Biomass particle size (after size reduction) is a curial input process parameter with impacts on both the feedstock preprocessing and bioconversion stages. For example, biomass particle size dictates the energy consumption in the size reduction process [21]. In order to produce biomass with a smaller particle size, more energy is usually consumed [22-26]. Biomass particle size also influences sugar yield in hydrolysis [27-30], and biofuel yield after fermentation is approximately proportional to the former hydrolysis sugar yield [31].

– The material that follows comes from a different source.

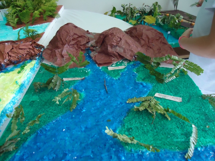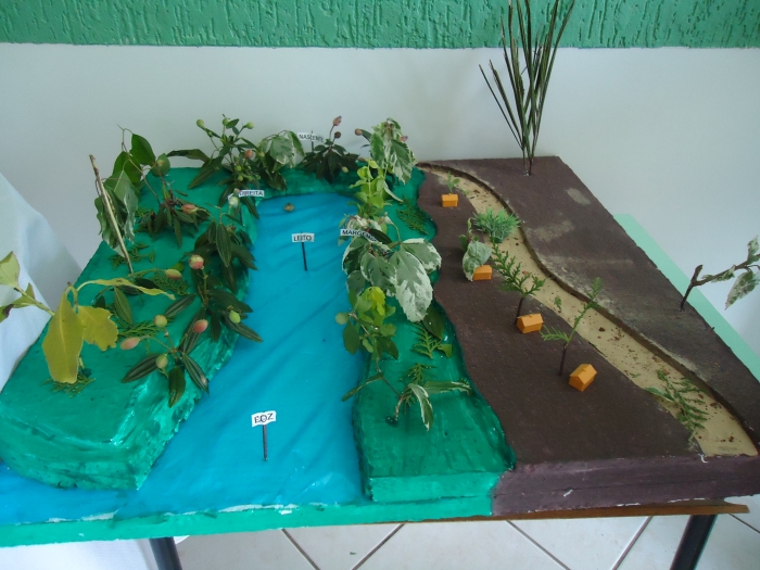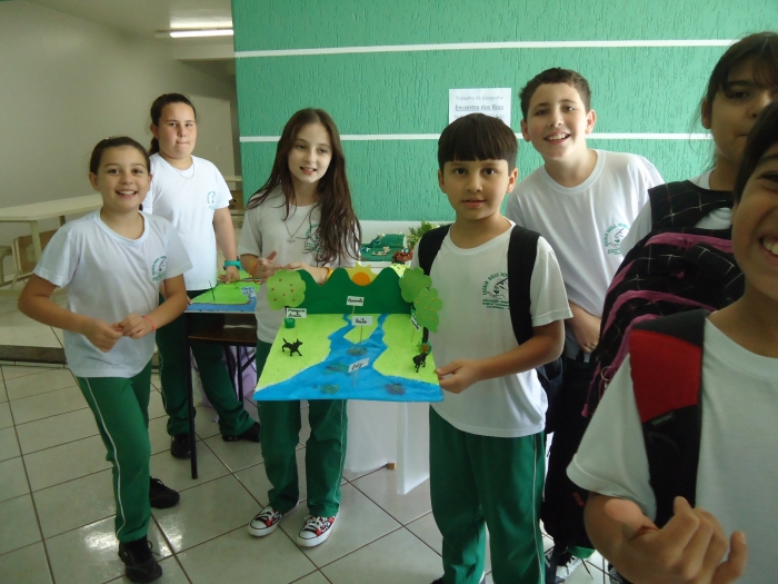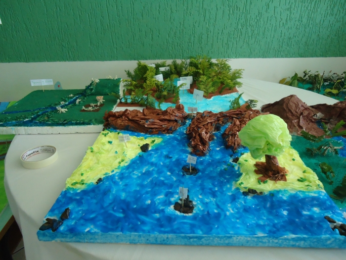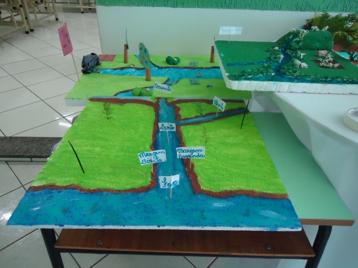 Para ampliar o conhecimento, a professora Rosângela do 5º Ano pediu aos alunos que confeccionassem maquetes, demonstrando o encontro e as partes de um rio, frisando também sua importância para a população.

Many studies have been conducted to investigate the effects of biomass particle size in cellulosic biofuel manufacturing. However, as summarized in Table 1, the reported relationships are inconsistent. More importantly, it has been found that most reported studies focus on the effects of biomass particle size on a specific process or a single output parameter; references on the effects of biomass particle size throughout both the feedstock preprocessing and bioconversion stages are quite limited. As a result, in the current literature, there are no commonly accepted guidelines on how to select biomass particle size in order to conserve energy in the feedstock preprocessing stage while still achieving good biofuel yield in the bioconversion stage. This study presents a comprehensive experimental investigation on the conversion of three biomass materials into fermentable sugars and studies the effects of biomass particle size on various evaluation parameters throughout the multistage biofuel manufacturing process.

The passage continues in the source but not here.